For instance, last fall I made a brand new rudder blade of my own design for my 9 year old NE Dory using scrap okume ply that had aged for several years. I can’t remember how long I’d had the scrap piece; 3 years, I think, from my Rhode Runner. You’d swear the rudder blade was stained a different color when compared to the color of the rudder head. Seeing as each is a separate piece, the color difference actually looks like a nice feature; it is certainly noticeable.

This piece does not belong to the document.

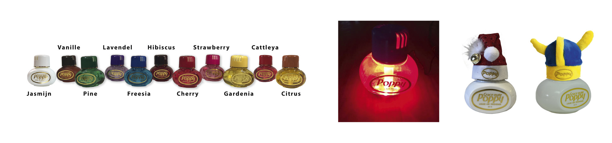 Poppy Grace Mate van Diax; de populairste luchtverfrisser onder de truckers. Verkrijgbaar in 11 verschillende geuren (en kleuren!). De best verkochte is de witte versie (jasmijn), maar wij denken dat dit vooral is omdat die zo mooi staat op de Poppy ledverlichting. Klein Poppy kerstmutsje of vikinghoedje er boven op, zodat de luchtverfrisser het zeker niet koud krijgt. ;-)
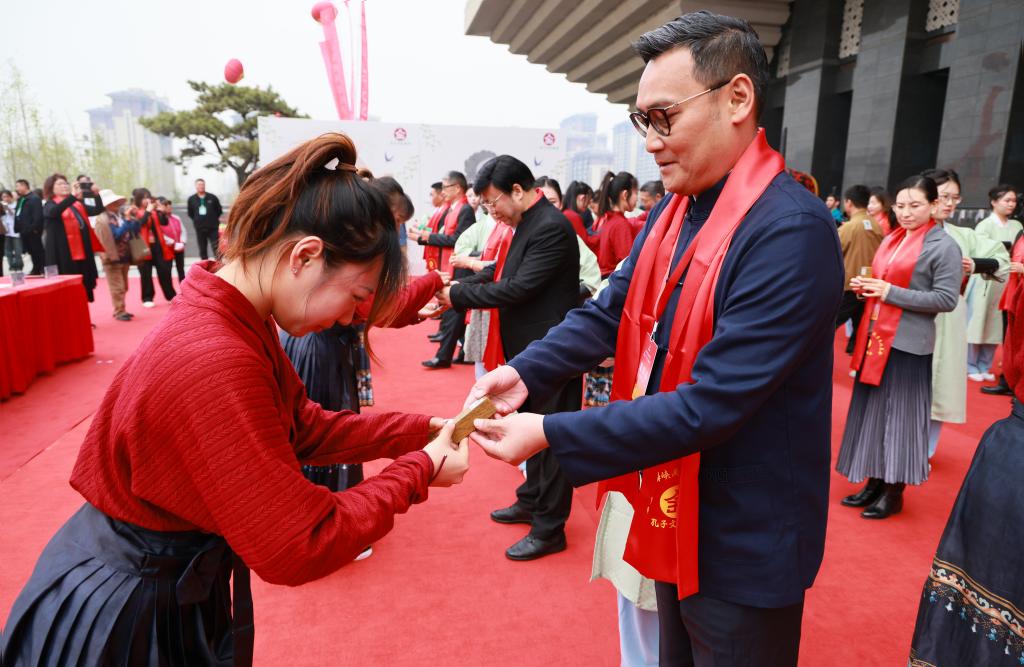 钟鼓相合,磬铉和鸣。4月2日上午,2024海峡两岸孔子文化春会开幕式及崇圣成人礼在孔子博物馆隆重举行,党委书记杨天梅、党委副书记丰家雷出席仪式。孔子第七十九代嫡长孙、至圣孔子基金会会长、济宁学院荣誉校长孔垂长为学校36名学子主礼,学生家长、教师、嘉宾为学生授礼。

I swear that these are both pieces of okume ply (not sapelle or such) and that the color difference in only due to age of the wood used. And note that the rudder head has the natural “yellowing” of 9 years since initial construction, so the color difference is probably even LESS pronounced than it would be if the head was brand new. The aged ply used for the blade always stayed clean and dry. I’m not sure if there is something unique about my storage situation - Georgia humidity and temperature cycles in my non-climate controlled shed are probably pretty pronounced - but as they say, this is an “unretouched photo” and thus factual evidence of what happened to my plywood after several years of storage. I didn’t try to sand or bleach (oxalic acid) the wood prior to use, just went with the color difference as a nice feature.

On another subject, the original reason I took the picture was to document how I “fixed” the large angle at which the NE Dory rudder pivots - note the “fin” installed on the transom. I now get much more turning force and much less braking effect during hard-over turns. Luckily my original modification of the rudder head (I use a removable dowell for the stearing tiller-link) allowed me to use the same rudder head in this new configuration, even though the top of the head is now a little “taller” in this position than I would have placed it if designing from scratch. The modification is a significant improvement, in my opinion.